GIVEN RECORDS
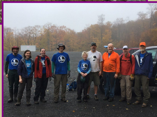
Foggy start to the day October 21st
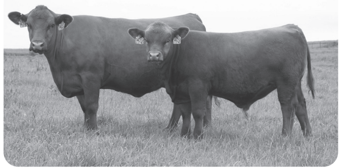
JRI Dam of Merit Mama with Her Powerhouse Bull Calf

Calf Raising Machine Third-Calf Dam of Merit Dam
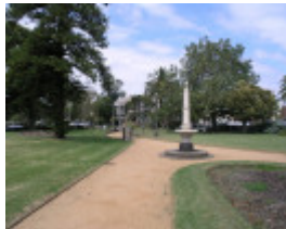
ST VINCENT PLACE PRECINCT SOHE 2008
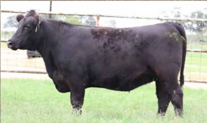
LOT 117 MS S ROCK ELIRA 639G

Lookout x Newsline breeding. Dam is the dam of the S Rock Payweight 335C9 herd sire and granddam is the foundation EXT daughter, Deer Creek Ext 335. YW 40%, RADG 20%, HP 20%.
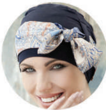
YANNA Navy Mosaica Linea
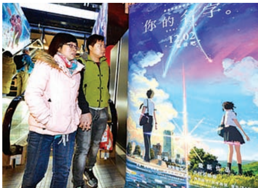
A billboard advertising “your name.”, a Japanese smash-hit animated film, is displayed at a movie theater in Beijing on 2 December 2016, the day when the film hit Chinese screens.

Jinping and other top Chinese officials have said the two Asian countries should expand positive aspects in the bilateral relationship, while acknowledging that more needs to be done to manage differences over territorial and wartime issues.
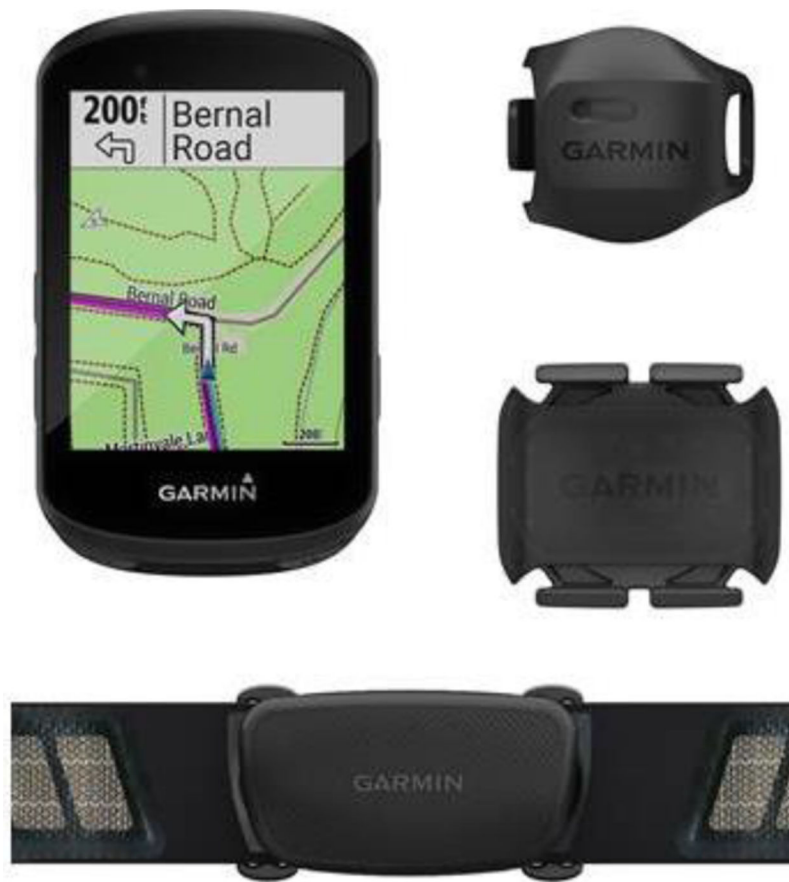
Figure 2: The study sensors and Garmin Edge 520 bike computer
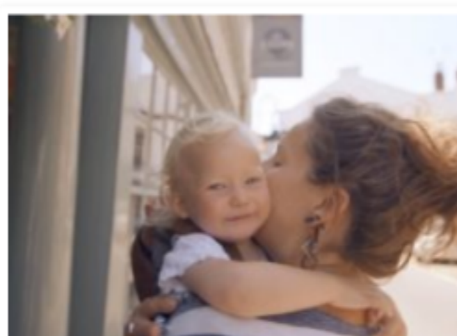
VIDEO: Explore Topsham this Sunday
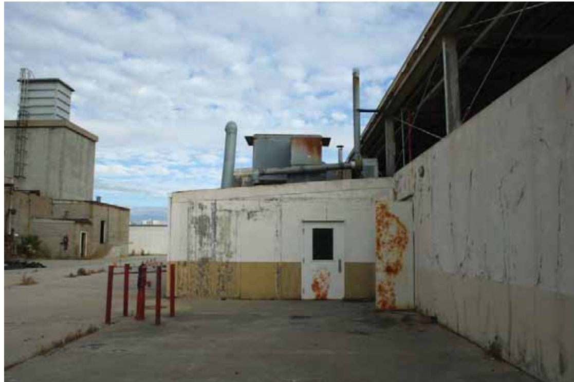
Building 230 - West Elevation, San Diego, California, October 2009.
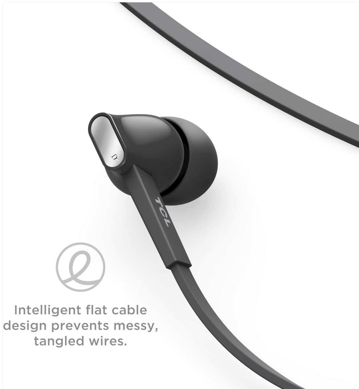
Image: Front view of the TCL MTRO100BT earbuds, showcasing their sleek design.
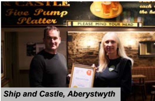
Ship and Castle, Aberystwyth

Local CAMRA members voted for their favourite pubs and then judges visited the top three shortlisted pubs anonymously to evaluate each one against CAMRA's pub of the year criteria. The quality of the real ale is the most important single factor, but judges also considered how well beer is promoted, the role a pub plays in its local community, the atmosphere, décor and welcome.
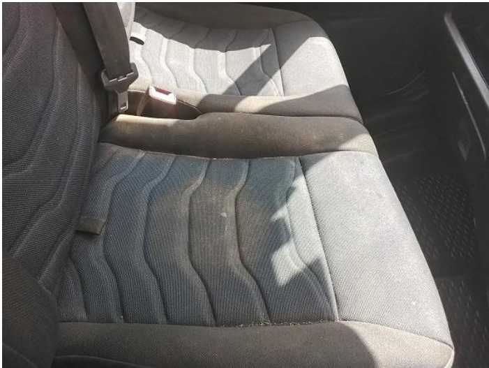
6: Seat Base Cover nsf Soiled Heavy
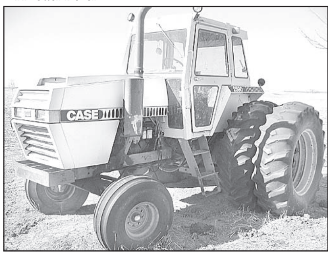
Case 2590 3 Point, 2 Hyd. Remotes 18.4 x 38 Duals

Steiger Super Wild Cat 3150 V-8 Cat 10 Sp., Serial #8650, Degelman 12' Dozer IHC 1586 3 Point, 2 Hyd. Remotes, 6750 Hours, 20.8x38 Rears, New TA and PTO (Subject to Prior Sale) Case 1370 3 Point, 2 Hyd. Remotes, 18.4x38 Duals, 11' Otter Dozer
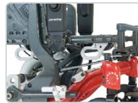
Transit tie downs
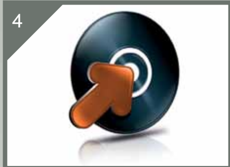
4 Save and backup your notes and diagrams.
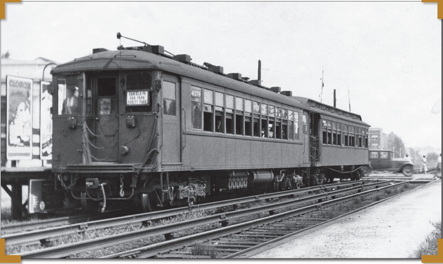
A westbound two-car Garfield Park train consisting of both a 4000-series car and wooden car traveling from the Loop stops for passengers at the Oak Park Avenue station in suburban Oak Park in July, 1935. This same location today is in the middle of the Eisenhower Expressway.
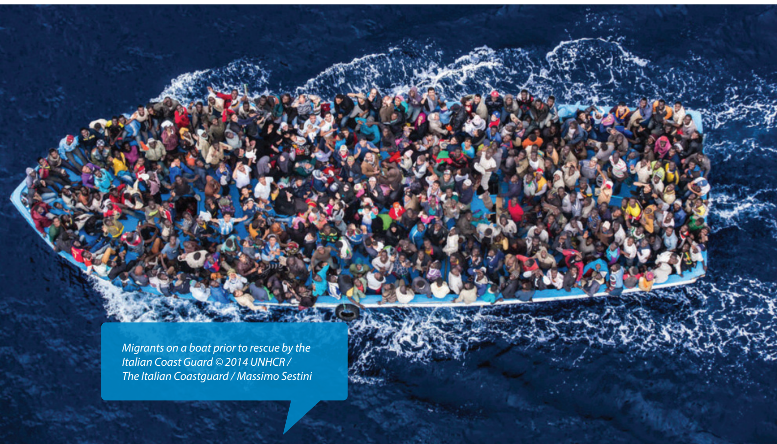
Migrants on a boat prior to rescue by the Italian Coast Guard

Furthermore, both rapid onset and slow onset climate stresses are also leading to displacement and population movement. Rapid onset disasters such as floods, storms, earthquakes, volcanic eruptions and wildfires have led to 24.2 million people being newly displaced in 2016 2 . In addition, slow onset climate stress caused by rising sea level, increasing drought, or accelerating desertification can also drive displacement when combined with economic, social and political factors. While it is conceptually and practically difficult to establish a precise category of environmental or climate migrant, the Nansen Initiative Platform on Disaster Displacement 3 is seeking to find ways to address the needs of these groups of migrants.
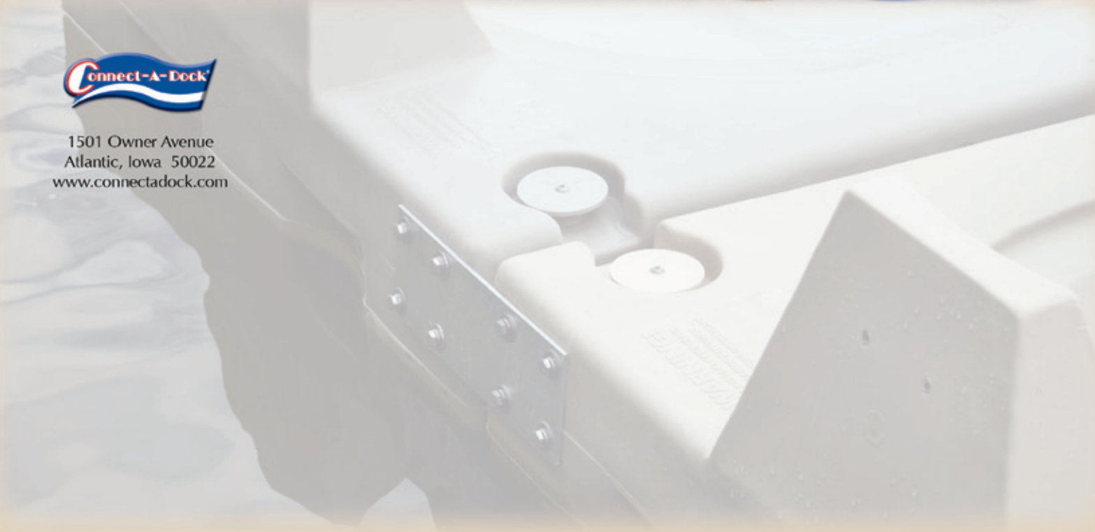
Black (special order)

1501 Owner Avenue Atlantic, Iowa 50022 www.connectadock.com

WHAT IS NEEDED
Look for the word "Avenue" in every line of the listing and copy the lines that have it.

RESPONSE
A westbound two-car Garfield Park train consisting of both a 4000-series car and wooden car traveling from the Loop stops for passengers at the Oak Park Avenue station in suburban Oak Park in July, 1935. This same location today is in the middle of the Eisenhower Expressway.
1501 Owner Avenue Atlantic, Iowa 50022 www.connectadock.com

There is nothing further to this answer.